Digital pathology, deep learning, and cancer: a narrative review

Affiliations
Review

Digital pathology, deep learning, and cancer: a narrative review

Darnell K Adrian Williams Jr et al. Transl Cancer Res. .

Abstract

Background and objective: Cancer is a leading cause of morbidity and mortality worldwide. The emergence of digital pathology and deep learning technologies signifies a transformative era in healthcare. These technologies can enhance cancer detection, streamline operations, and bolster patient care. A substantial gap exists between the development phase of deep learning models in controlled laboratory environments and their translations into clinical practice. This narrative review evaluates the current landscape of deep learning and digital pathology, analyzing the factors influencing model development and implementation into clinical practice.

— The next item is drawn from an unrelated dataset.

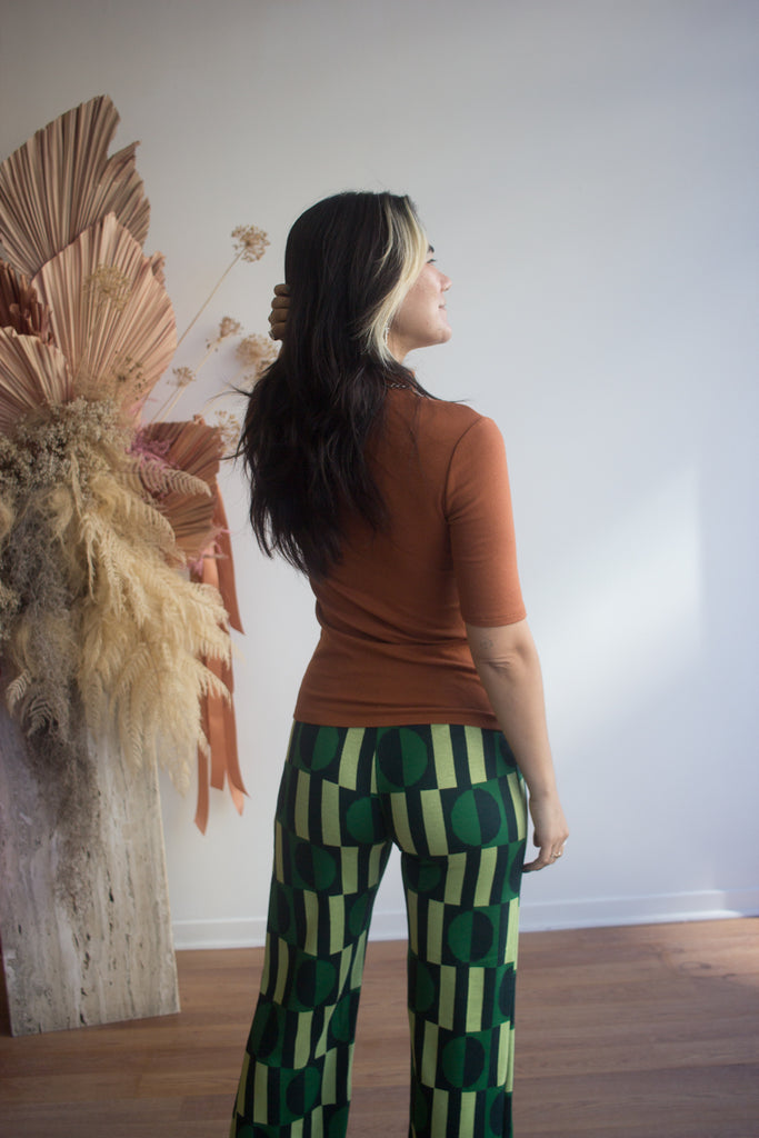 The Simon Pants by Marigold are back this season in a funky fresh new pattern! These straight-leg pants, featuring an exclusive Marigold pattern are knitted in Montreal and their form-fitting cut hugs your body in all the right ways! Pair with the matching Joe Top for a super psychedelic set!

Methods: We searched multiple databases, including Web of Science, Arxiv, MedRxiv, BioRxiv, Embase, PubMed, DBLP, Google Scholar, IEEE Xplore, Semantic Scholar, and Cochrane, targeting articles on whole slide imaging and deep learning published from 2014 and 2023. Out of 776 articles identified based on inclusion criteria, we selected 36 papers for the analysis.

Key content and findings: Most articles in this review focus on the in-laboratory phase of deep learning model development, a critical stage in the deep learning lifecycle. Challenges arise during model development and their integration into clinical practice. Notably, lab performance metrics may not always match real-world clinical outcomes. As technology advances and regulations evolve, we expect more clinical trials to bridge this performance gap and validate deep learning models' effectiveness in clinical care. High clinical accuracy is vital for informed decision-making throughout a patient's cancer care.

Conclusions: Deep learning technology can enhance cancer detection, clinical workflows, and patient care. Challenges may arise during model development. The deep learning lifecycle involves data preprocessing, model development, and clinical implementation. Achieving health equity requires including diverse patient groups and eliminating bias during implementation. While model development is integral, most articles focus on the pre-deployment phase. Future longitudinal studies are crucial for validating models in real-world settings post-deployment. A collaborative approach among computational pathologists, technologists, industry, and healthcare providers is essential for driving adoption in clinical settings.

Keywords: Artificial intelligence (AI); cancer; computational pathology; deep learning (DL); digital pathology (DP).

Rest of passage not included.